2) We may not threaten Professor Umbridge with a muggle bazooka.

3) We may not shoot Professor Umbridge with a muggle bazooka.

4) We may not transfigure Professor Umbridge into a toad.

5) Professor Umbridge is not a toad Animagus.

6) Professor Umbridge does not find a sign saying "VOLDEMORT WUZ HEER" amusing at all.
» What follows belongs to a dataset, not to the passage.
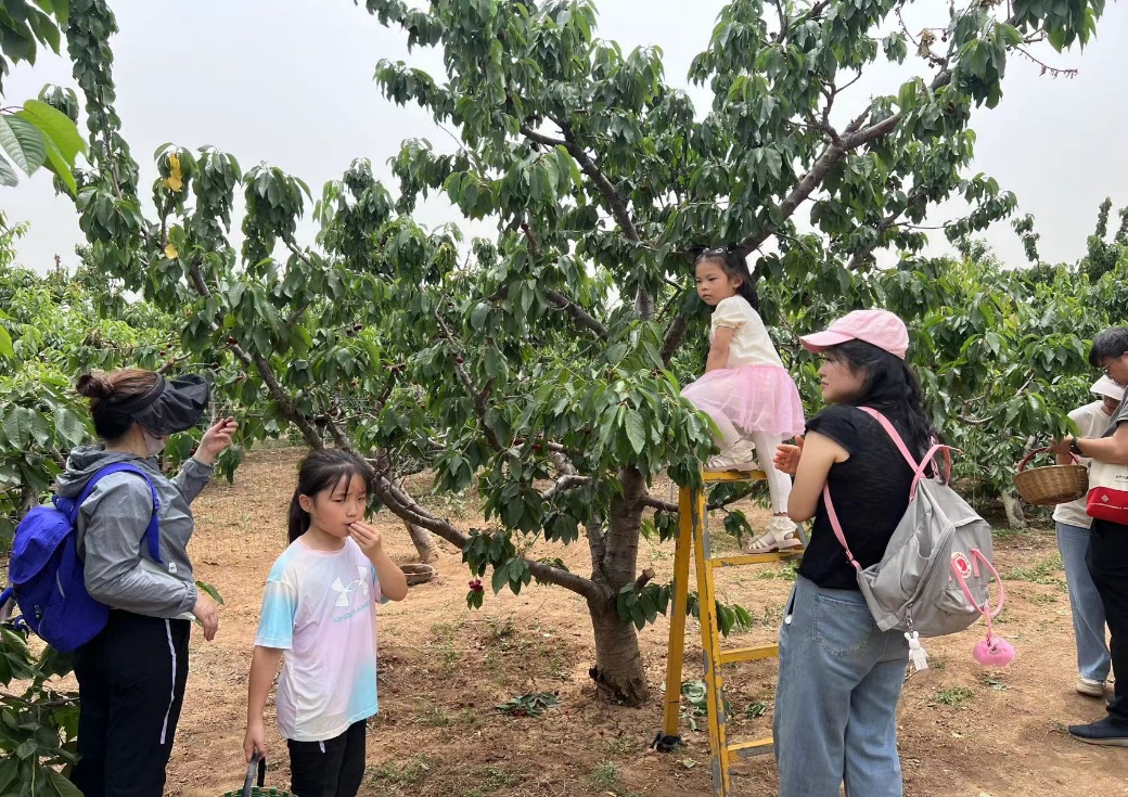 活动当日,白鹿原樱桃园内硕果累累。一颗颗饱满圆润、色泽鲜艳的樱桃挂满枝头,散发着诱人的香气。教职员工们携子女走进樱桃园,瞬间被眼前的美景所吸引。现场氛围轻松愉悦。

Even if it was made with her Blood Quill.

7) We may not attempt to put Professor Umbridge under the Imperius Curse and make her unicycle through the Great Hall again.

8) Professor Umbridge is allowed to put us in detention if we tell her that she just lost the game.

9) We may not bewitch Quaffles to follow Professor Umbridge around and drop on her head whenever she assigns someone detention.

10) We may not attempt to sack Professor Umbridge, whether it be forging a Ministry document or going as far as to tie her up, put her in a sack, and leave her out on the grounds.

11) We are not to put the Imperius Curse on Professor Umbridge and make her write with her Blood Quill.

12) We may polyjuice into Lord Voldemort and break into Professor Umbridge's office while she is in it and scream "I'M BACK, YOU MAD OLD BAT!". We may not, however, break into her office and scream "VOLDEMORT IS BACK, YOU MAD OLD BAT!" without polyjuicing into Lord Voldemort.

13) We may not lock Professor Umbridge in a broom closet.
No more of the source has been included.